▶ [The problem] Everything from the line containing "ABOVE: An infographic" to the last line of the material below must be retyped exactly, both ends included; skip the pictures.

▶ [Recorded information]
[Start of Attachment]
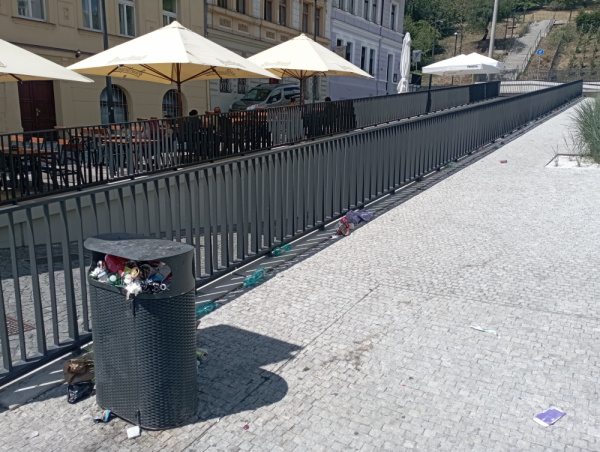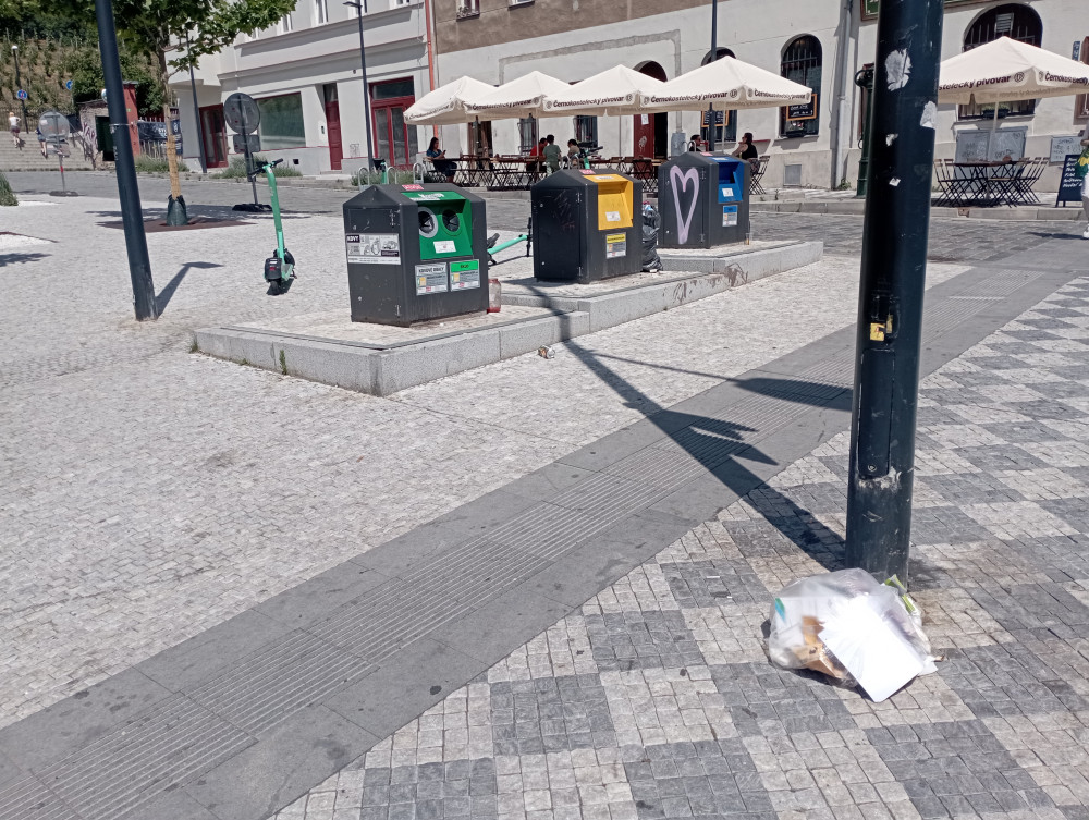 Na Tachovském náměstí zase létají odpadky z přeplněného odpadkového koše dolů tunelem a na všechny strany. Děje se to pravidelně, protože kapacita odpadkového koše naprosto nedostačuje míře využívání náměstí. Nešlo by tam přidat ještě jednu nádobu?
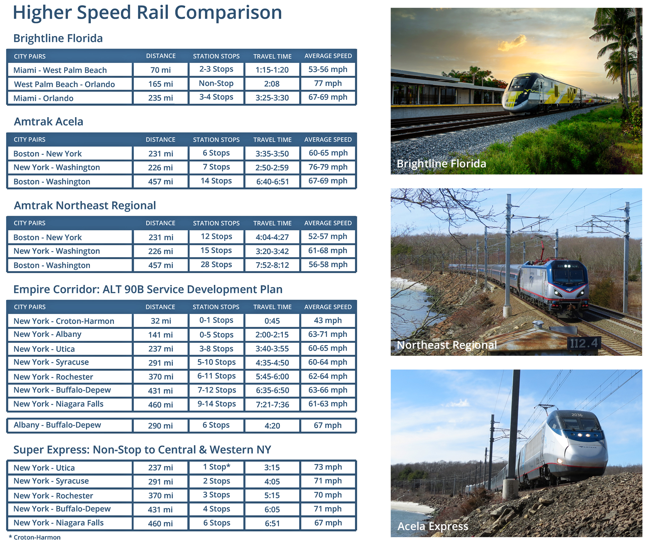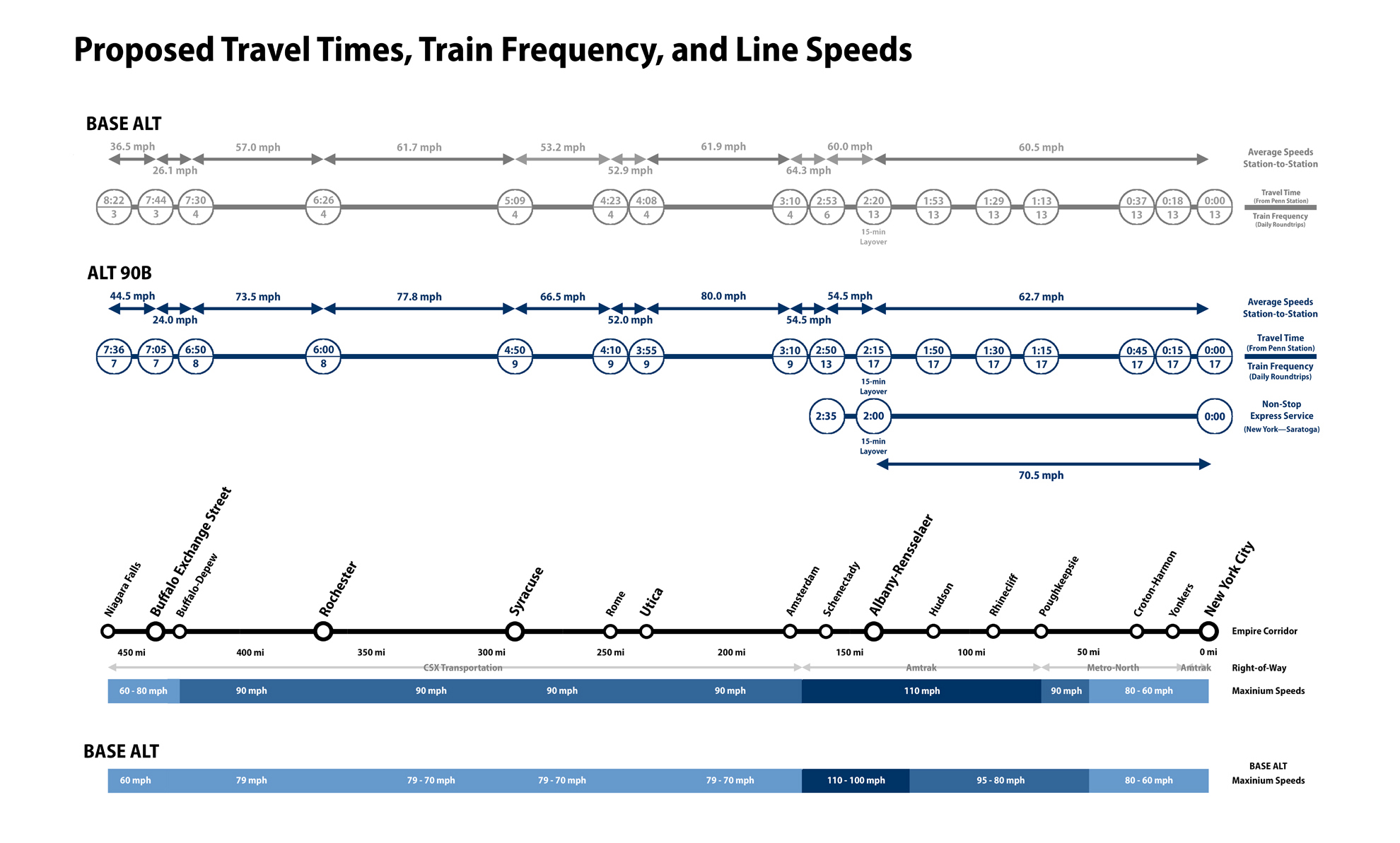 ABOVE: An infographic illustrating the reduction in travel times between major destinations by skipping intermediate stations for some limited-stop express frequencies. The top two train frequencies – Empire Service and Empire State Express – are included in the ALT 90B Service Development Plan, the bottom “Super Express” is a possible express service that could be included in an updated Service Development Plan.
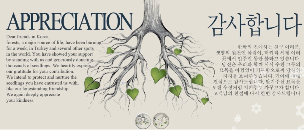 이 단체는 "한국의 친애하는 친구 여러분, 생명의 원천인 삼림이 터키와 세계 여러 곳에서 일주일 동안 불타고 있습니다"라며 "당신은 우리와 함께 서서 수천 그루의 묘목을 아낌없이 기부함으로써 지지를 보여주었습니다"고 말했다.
[End of Attachment]
▶ [Exercise answer]
 ABOVE: An infographic illustrating the reduction in travel times between major destinations by skipping intermediate stations for some limited-stop express frequencies. The top two train frequencies – Empire Service and Empire State Express – are included in the ALT 90B Service Development Plan, the bottom “Super Express” is a possible express service that could be included in an updated Service Development Plan.
 이 단체는 "한국의 친애하는 친구 여러분, 생명의 원천인 삼림이 터키와 세계 여러 곳에서 일주일 동안 불타고 있습니다"라며 "당신은 우리와 함께 서서 수천 그루의 묘목을 아낌없이 기부함으로써 지지를 보여주었습니다"고 말했다.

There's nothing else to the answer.